(Collected data)
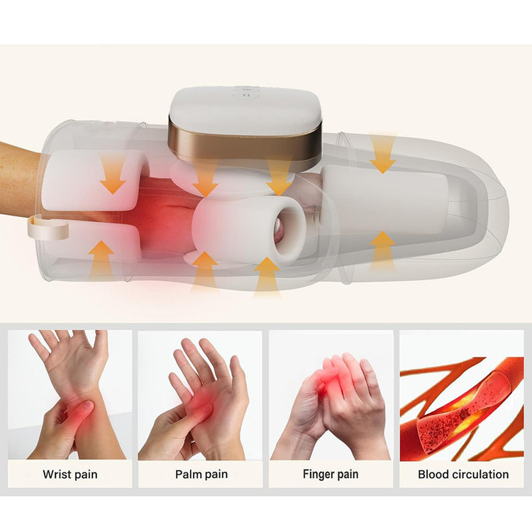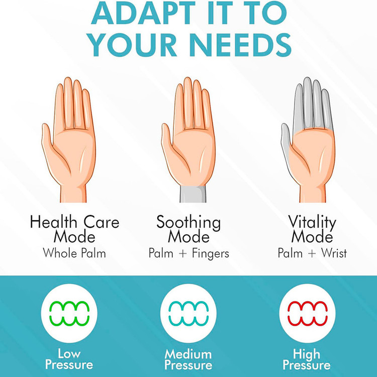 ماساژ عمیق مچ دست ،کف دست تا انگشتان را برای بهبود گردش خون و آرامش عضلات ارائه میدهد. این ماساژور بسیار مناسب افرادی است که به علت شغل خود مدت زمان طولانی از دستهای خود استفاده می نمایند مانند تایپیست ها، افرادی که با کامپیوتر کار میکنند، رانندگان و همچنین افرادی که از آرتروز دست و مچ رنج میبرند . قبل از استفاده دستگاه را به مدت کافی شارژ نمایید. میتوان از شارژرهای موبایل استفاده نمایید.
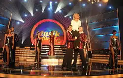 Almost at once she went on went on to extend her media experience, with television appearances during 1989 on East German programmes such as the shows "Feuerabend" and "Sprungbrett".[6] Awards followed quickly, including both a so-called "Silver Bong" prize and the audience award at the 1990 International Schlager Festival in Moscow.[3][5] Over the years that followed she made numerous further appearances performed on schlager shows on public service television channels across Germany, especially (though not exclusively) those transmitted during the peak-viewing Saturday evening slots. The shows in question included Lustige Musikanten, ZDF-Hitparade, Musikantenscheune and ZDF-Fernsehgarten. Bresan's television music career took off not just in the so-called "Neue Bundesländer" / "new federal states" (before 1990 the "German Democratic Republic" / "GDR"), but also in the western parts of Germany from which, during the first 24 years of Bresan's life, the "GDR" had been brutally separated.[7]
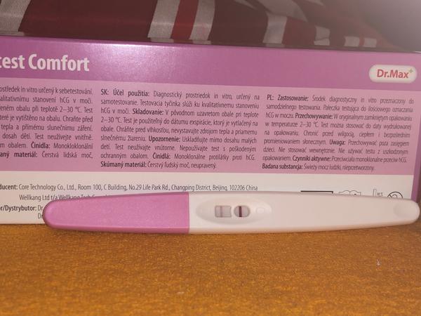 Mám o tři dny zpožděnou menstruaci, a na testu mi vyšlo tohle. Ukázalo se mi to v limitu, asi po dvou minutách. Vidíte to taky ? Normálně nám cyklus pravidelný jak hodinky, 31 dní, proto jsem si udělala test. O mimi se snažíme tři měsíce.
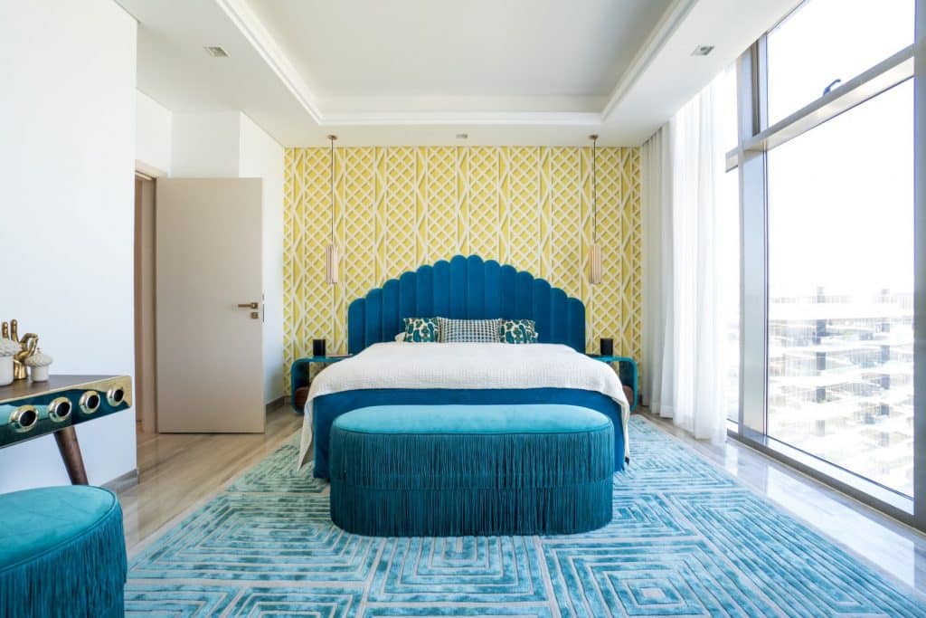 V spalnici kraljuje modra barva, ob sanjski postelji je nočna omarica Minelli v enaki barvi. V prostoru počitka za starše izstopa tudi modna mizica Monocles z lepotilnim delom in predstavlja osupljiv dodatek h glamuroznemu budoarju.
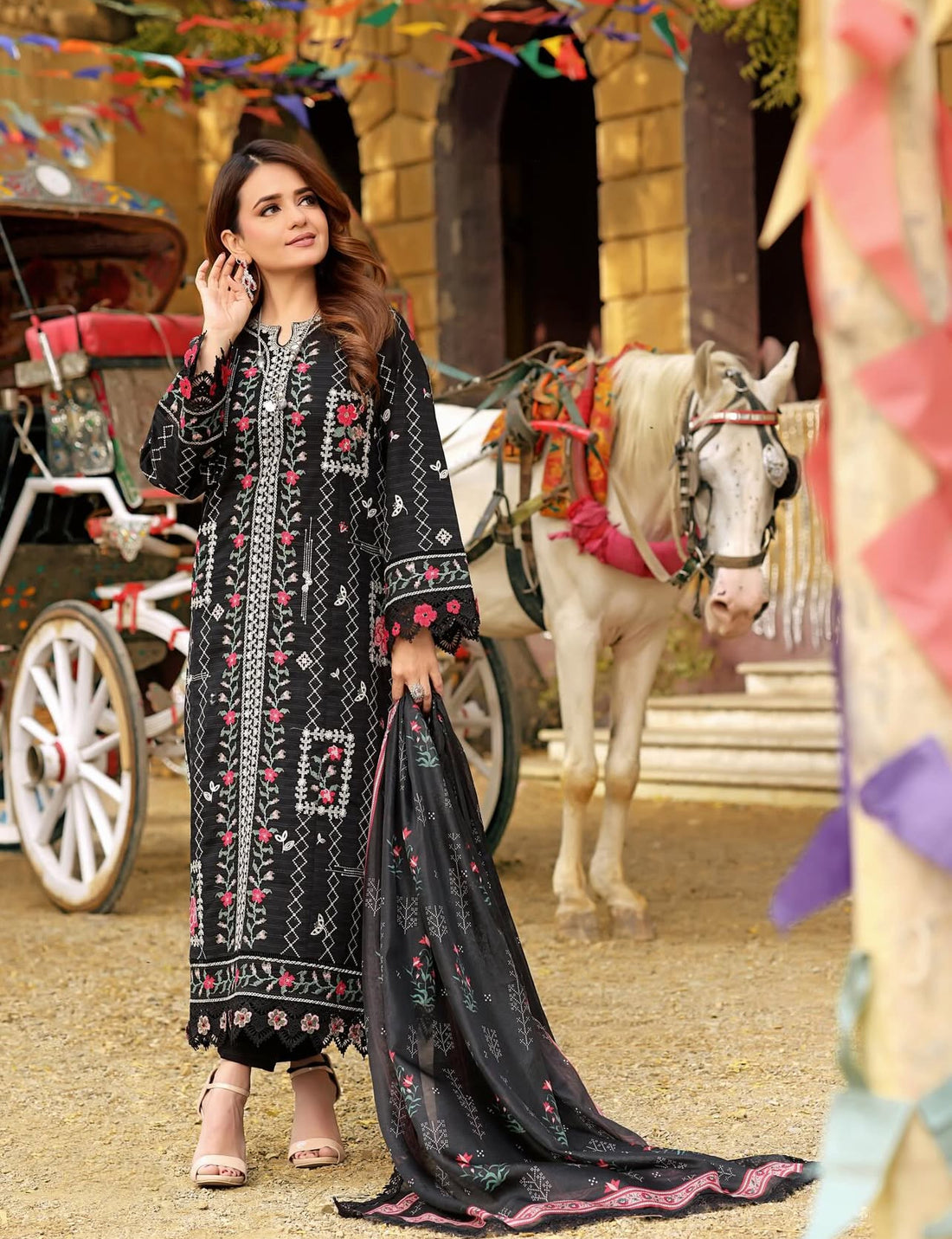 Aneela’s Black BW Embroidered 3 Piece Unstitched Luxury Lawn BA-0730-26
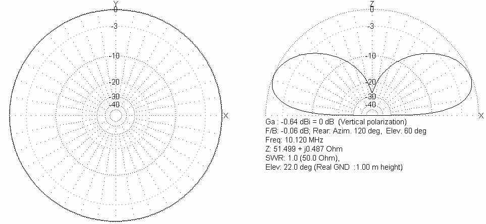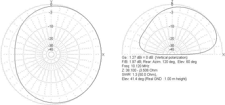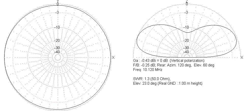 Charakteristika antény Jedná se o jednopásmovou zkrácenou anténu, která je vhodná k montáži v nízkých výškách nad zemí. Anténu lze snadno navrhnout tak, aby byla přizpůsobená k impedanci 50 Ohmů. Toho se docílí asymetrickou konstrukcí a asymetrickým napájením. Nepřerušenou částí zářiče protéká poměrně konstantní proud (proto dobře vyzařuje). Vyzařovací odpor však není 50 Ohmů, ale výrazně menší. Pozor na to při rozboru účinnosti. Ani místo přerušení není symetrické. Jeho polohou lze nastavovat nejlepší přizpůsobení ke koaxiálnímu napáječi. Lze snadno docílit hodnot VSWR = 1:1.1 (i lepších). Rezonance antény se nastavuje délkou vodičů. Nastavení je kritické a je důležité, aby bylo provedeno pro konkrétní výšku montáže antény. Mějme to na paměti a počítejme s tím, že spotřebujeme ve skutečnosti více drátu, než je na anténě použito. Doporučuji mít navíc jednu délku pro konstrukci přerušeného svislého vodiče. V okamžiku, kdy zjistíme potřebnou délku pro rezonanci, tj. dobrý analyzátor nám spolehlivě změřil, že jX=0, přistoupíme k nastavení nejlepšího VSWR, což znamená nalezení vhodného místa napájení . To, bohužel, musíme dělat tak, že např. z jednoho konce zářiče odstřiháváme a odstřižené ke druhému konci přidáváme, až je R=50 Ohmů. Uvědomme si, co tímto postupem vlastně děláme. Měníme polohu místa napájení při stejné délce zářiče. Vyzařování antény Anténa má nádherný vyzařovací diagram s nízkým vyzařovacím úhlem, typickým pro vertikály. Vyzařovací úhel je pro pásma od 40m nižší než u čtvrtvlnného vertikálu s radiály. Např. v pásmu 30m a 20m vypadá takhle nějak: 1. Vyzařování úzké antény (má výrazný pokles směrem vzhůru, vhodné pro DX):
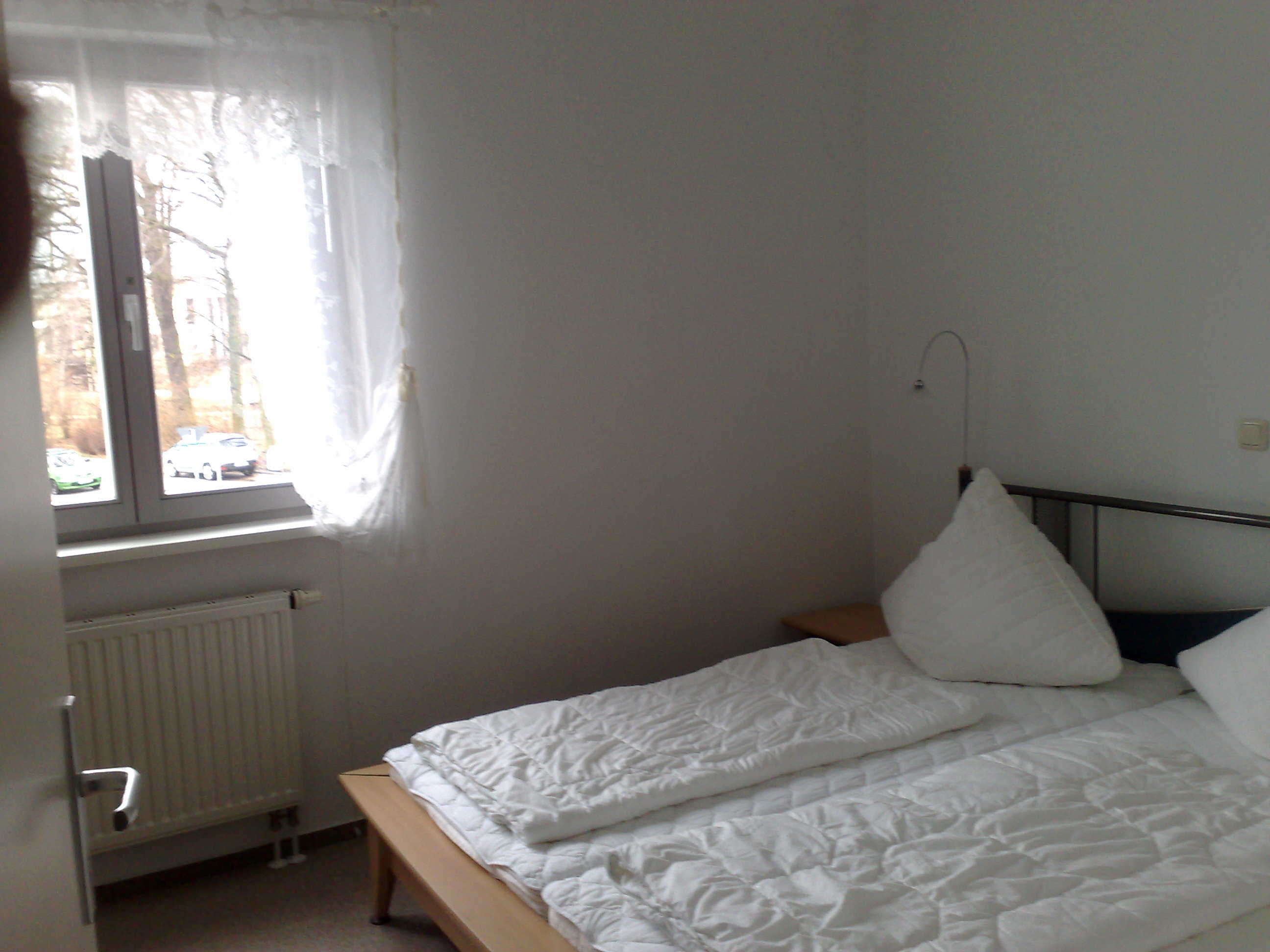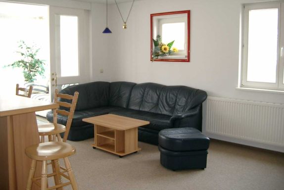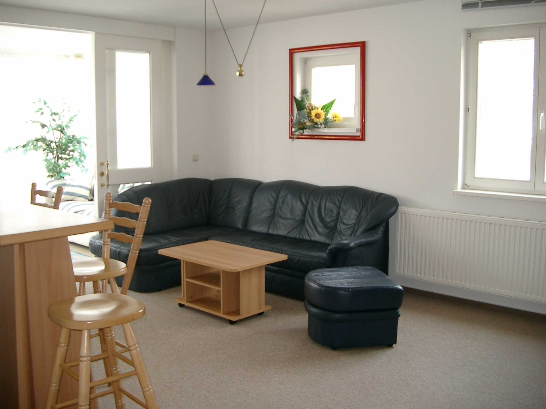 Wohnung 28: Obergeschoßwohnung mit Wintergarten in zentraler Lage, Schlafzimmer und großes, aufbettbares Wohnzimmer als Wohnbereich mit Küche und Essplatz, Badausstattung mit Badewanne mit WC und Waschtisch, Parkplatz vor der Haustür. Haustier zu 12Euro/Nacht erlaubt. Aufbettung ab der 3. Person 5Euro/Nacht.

**EXERCISE DESCRIPTION**
Set down a word-for-word copy of the records, dropping any picture.

**OUTPUT OF THE EXERCISE**
 ماساژ عمیق مچ دست ،کف دست تا انگشتان را برای بهبود گردش خون و آرامش عضلات ارائه میدهد. این ماساژور بسیار مناسب افرادی است که به علت شغل خود مدت زمان طولانی از دستهای خود استفاده می نمایند مانند تایپیست ها، افرادی که با کامپیوتر کار میکنند، رانندگان و همچنین افرادی که از آرتروز دست و مچ رنج میبرند . قبل از استفاده دستگاه را به مدت کافی شارژ نمایید. میتوان از شارژرهای موبایل استفاده نمایید.
 Almost at once she went on went on to extend her media experience, with television appearances during 1989 on East German programmes such as the shows "Feuerabend" and "Sprungbrett".[6] Awards followed quickly, including both a so-called "Silver Bong" prize and the audience award at the 1990 International Schlager Festival in Moscow.[3][5] Over the years that followed she made numerous further appearances performed on schlager shows on public service television channels across Germany, especially (though not exclusively) those transmitted during the peak-viewing Saturday evening slots. The shows in question included Lustige Musikanten, ZDF-Hitparade, Musikantenscheune and ZDF-Fernsehgarten. Bresan's television music career took off not just in the so-called "Neue Bundesländer" / "new federal states" (before 1990 the "German Democratic Republic" / "GDR"), but also in the western parts of Germany from which, during the first 24 years of Bresan's life, the "GDR" had been brutally separated.[7]
 Mám o tři dny zpožděnou menstruaci, a na testu mi vyšlo tohle. Ukázalo se mi to v limitu, asi po dvou minutách. Vidíte to taky ? Normálně nám cyklus pravidelný jak hodinky, 31 dní, proto jsem si udělala test. O mimi se snažíme tři měsíce.
 V spalnici kraljuje modra barva, ob sanjski postelji je nočna omarica Minelli v enaki barvi. V prostoru počitka za starše izstopa tudi modna mizica Monocles z lepotilnim delom in predstavlja osupljiv dodatek h glamuroznemu budoarju.
 Aneela’s Black BW Embroidered 3 Piece Unstitched Luxury Lawn BA-0730-26
 Charakteristika antény Jedná se o jednopásmovou zkrácenou anténu, která je vhodná k montáži v nízkých výškách nad zemí. Anténu lze snadno navrhnout tak, aby byla přizpůsobená k impedanci 50 Ohmů. Toho se docílí asymetrickou konstrukcí a asymetrickým napájením. Nepřerušenou částí zářiče protéká poměrně konstantní proud (proto dobře vyzařuje). Vyzařovací odpor však není 50 Ohmů, ale výrazně menší. Pozor na to při rozboru účinnosti. Ani místo přerušení není symetrické. Jeho polohou lze nastavovat nejlepší přizpůsobení ke koaxiálnímu napáječi. Lze snadno docílit hodnot VSWR = 1:1.1 (i lepších). Rezonance antény se nastavuje délkou vodičů. Nastavení je kritické a je důležité, aby bylo provedeno pro konkrétní výšku montáže antény. Mějme to na paměti a počítejme s tím, že spotřebujeme ve skutečnosti více drátu, než je na anténě použito. Doporučuji mít navíc jednu délku pro konstrukci přerušeného svislého vodiče. V okamžiku, kdy zjistíme potřebnou délku pro rezonanci, tj. dobrý analyzátor nám spolehlivě změřil, že jX=0, přistoupíme k nastavení nejlepšího VSWR, což znamená nalezení vhodného místa napájení . To, bohužel, musíme dělat tak, že např. z jednoho konce zářiče odstřiháváme a odstřižené ke druhému konci přidáváme, až je R=50 Ohmů. Uvědomme si, co tímto postupem vlastně děláme. Měníme polohu místa napájení při stejné délce zářiče. Vyzařování antény Anténa má nádherný vyzařovací diagram s nízkým vyzařovacím úhlem, typickým pro vertikály. Vyzařovací úhel je pro pásma od 40m nižší než u čtvrtvlnného vertikálu s radiály. Např. v pásmu 30m a 20m vypadá takhle nějak: 1. Vyzařování úzké antény (má výrazný pokles směrem vzhůru, vhodné pro DX):
 Wohnung 28: Obergeschoßwohnung mit Wintergarten in zentraler Lage, Schlafzimmer und großes, aufbettbares Wohnzimmer als Wohnbereich mit Küche und Essplatz, Badausstattung mit Badewanne mit WC und Waschtisch, Parkplatz vor der Haustür. Haustier zu 12Euro/Nacht erlaubt. Aufbettung ab der 3. Person 5Euro/Nacht.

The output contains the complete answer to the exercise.